The Sony Reader seems like a great gadget for those who love to read, but is it a possibility that this new technology will encourage more people to read?

critbritlit said...

'twould be a great thing, wouldn't it? I hope so!

Anonymous said...

I just tried for the first time an audio book. I was on holiday and thought I'd give one a go. It was just ok. I fell asleep a few times and wondered if I would have, had I been reading. Was it the book, or the delivery method?
I decided I don't like audio books at the moment. That could change.
Speaking of literature and technology, I just saw a presentation at ELI of a class project where students created various rooms in the House of Seven Gables in Second Life. You don't want to know how much time and technology support they had to do it. The question in my mind is not whether they were engaged, but how and with what were they engaged? And how does that reflect the course/program learning outcomes? Hmmmm...

JustKristin said...

I am not sure that the current audience for the Sony Reader is non-readers, but rather geeks who are also readers, as well as those voracious readers who are tech-savvy enough to see that a device like the Reader will eliminate the eternal dilemma of "which books do/can I bring with me to [destination]?" In the end, they may be able to use it to extend the general reader audience by making sure that its own uses go beyond reading: travel information, textbooks, cookbooks, manuals, photo and music sharing, web browsing, manga, newspapers, other periodicals... The Amazon kindle is trying to do some of this, and the Sony Reader is capable of some, but for now, I think both companies are preaching to the techno-choir.

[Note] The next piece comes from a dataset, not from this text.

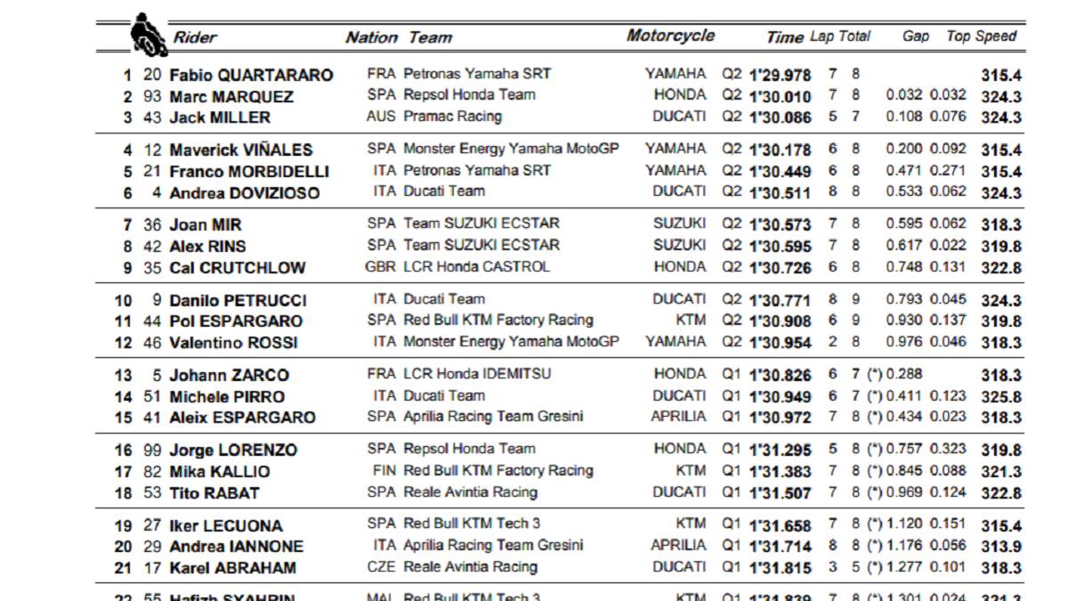 Miller signe un 1’30.086 auquel répond Quartararo en 1’30.007. Marc Marquez le colle à 3 millièmes, mais il lui reste encore un tour, comme à Fabio. Sous le drapeau à damier, c’est finalement Quartararo qui arrache le morceau en 1’29.978. C’est le seul pilote sous les 1’30. Márquez suit, Miller complète la première ligne.

As far as audiobooks go, I will admit to listening to some, but, as with books, never to an abridged version. Also, unlike books, delivery means a lot to me. There are readers out there who are terrific voice actors and can make the experience quite pleasurable. For example (and for *free*) try the Sherlock Holmes (ok, he is a guilty pleasure of mine) stories offered as audiobooks from Project Gutenberg. They are extremely well-read by an accomplished British actor. The whole canon is there - days of listening pleasure. A good reader can make a book... many authors shouldn't read their own books, but one who can is Neil Gaiman.